* [DESCRIPTION OF THE TASK]
Output, exactly as written, the lines below from the one that has "结构游戏是孩子们最喜爱的游戏" through the one that has "Vibrant multi-colour printed"; nothing else, and no pictures.

* [DATA UNDER STUDY]
=== Begin Enclosure ===

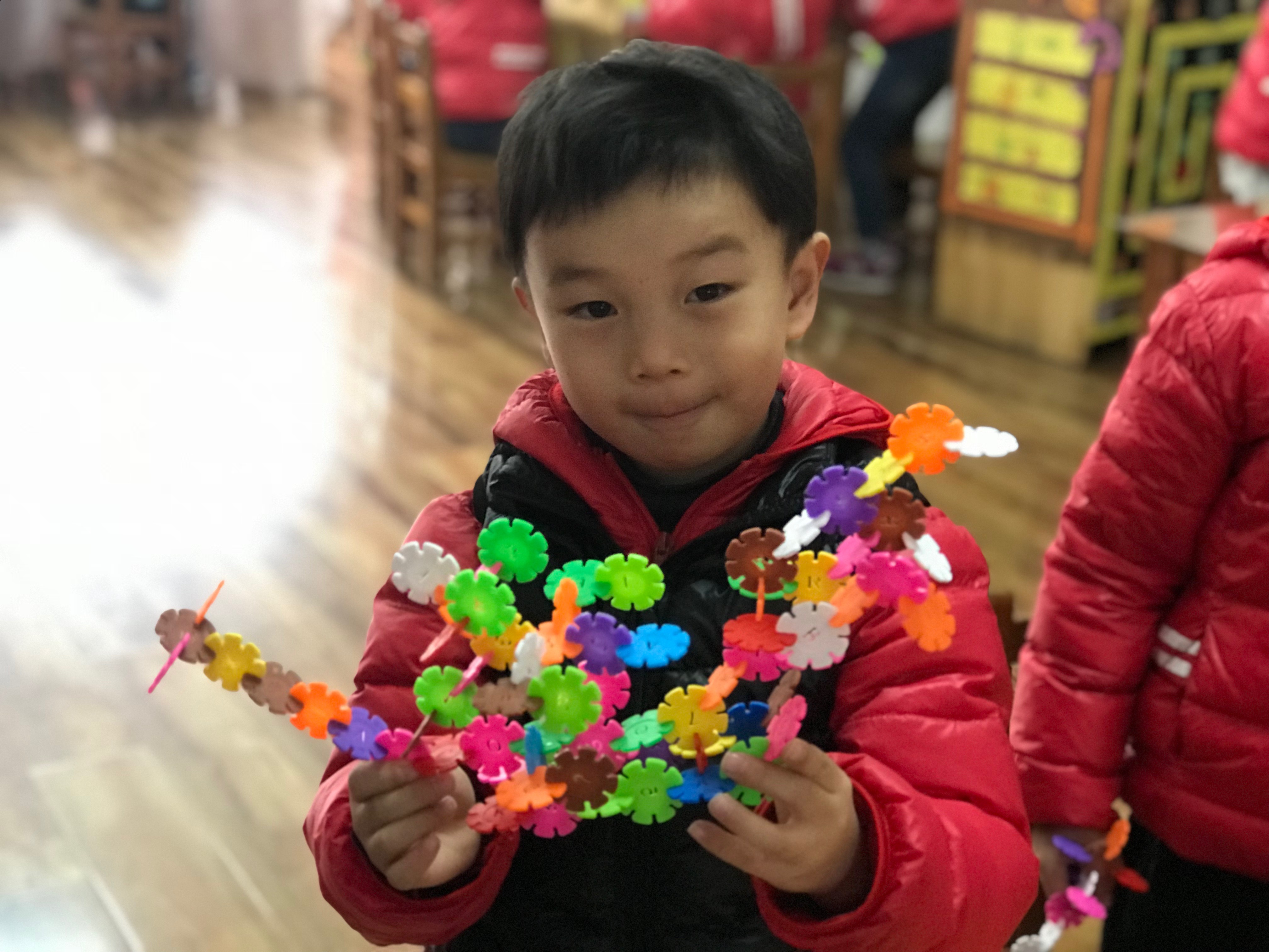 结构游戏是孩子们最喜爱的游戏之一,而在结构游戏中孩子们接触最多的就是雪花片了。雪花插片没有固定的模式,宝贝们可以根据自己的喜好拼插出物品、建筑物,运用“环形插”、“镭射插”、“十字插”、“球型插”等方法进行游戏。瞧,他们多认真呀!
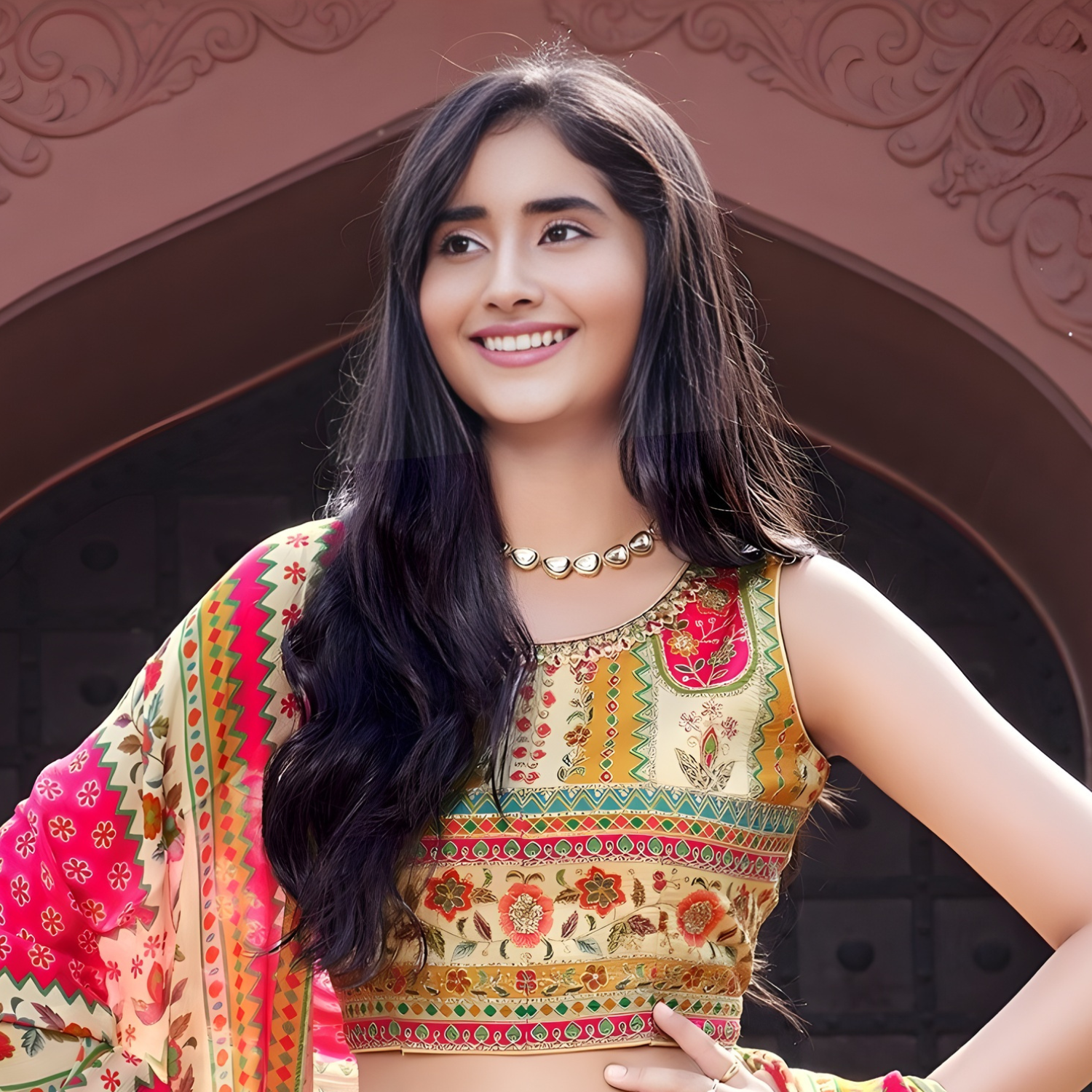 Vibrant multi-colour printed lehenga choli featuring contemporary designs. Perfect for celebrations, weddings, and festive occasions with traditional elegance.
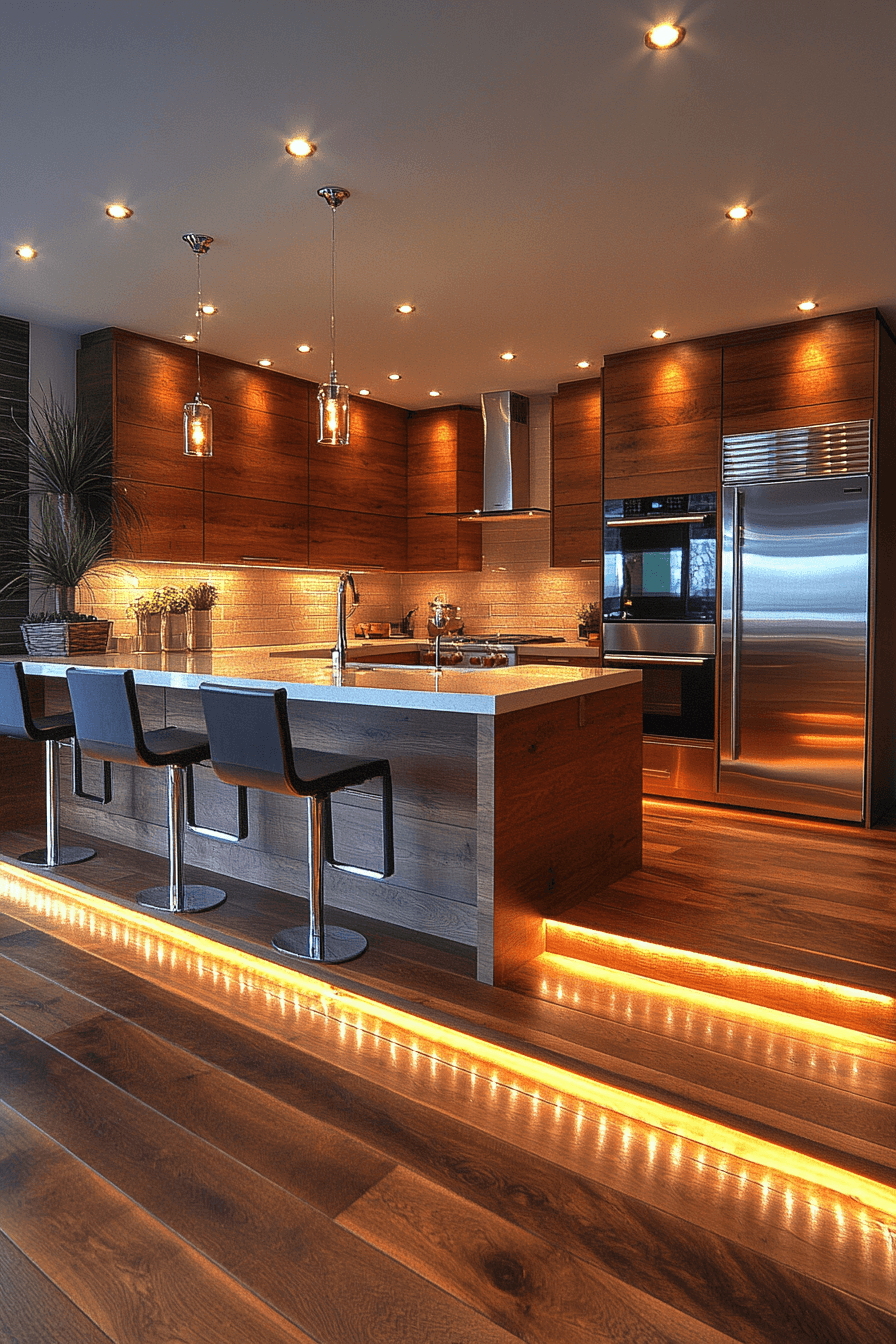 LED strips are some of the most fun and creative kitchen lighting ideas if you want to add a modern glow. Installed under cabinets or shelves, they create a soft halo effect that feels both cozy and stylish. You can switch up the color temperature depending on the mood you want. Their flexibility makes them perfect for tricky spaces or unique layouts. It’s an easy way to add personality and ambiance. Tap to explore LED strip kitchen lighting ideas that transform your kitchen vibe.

=== End Enclosure ===
=== Begin Enclosure ===

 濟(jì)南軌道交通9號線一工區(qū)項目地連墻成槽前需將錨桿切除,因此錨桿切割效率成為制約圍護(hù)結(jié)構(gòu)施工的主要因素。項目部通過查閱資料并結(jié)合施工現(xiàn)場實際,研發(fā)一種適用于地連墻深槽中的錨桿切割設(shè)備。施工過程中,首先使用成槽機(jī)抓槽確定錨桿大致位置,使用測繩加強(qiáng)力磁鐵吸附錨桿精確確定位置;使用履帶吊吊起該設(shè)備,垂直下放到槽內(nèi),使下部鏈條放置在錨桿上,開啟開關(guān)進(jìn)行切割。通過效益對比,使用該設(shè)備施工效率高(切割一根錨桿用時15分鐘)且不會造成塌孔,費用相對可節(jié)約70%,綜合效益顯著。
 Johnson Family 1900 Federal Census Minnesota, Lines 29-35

=== End Enclosure ===

* [ANSWER FOR THE TASK]
 结构游戏是孩子们最喜爱的游戏之一,而在结构游戏中孩子们接触最多的就是雪花片了。雪花插片没有固定的模式,宝贝们可以根据自己的喜好拼插出物品、建筑物,运用“环形插”、“镭射插”、“十字插”、“球型插”等方法进行游戏。瞧,他们多认真呀!
 Vibrant multi-colour printed lehenga choli featuring contemporary designs. Perfect for celebrations, weddings, and festive occasions with traditional elegance.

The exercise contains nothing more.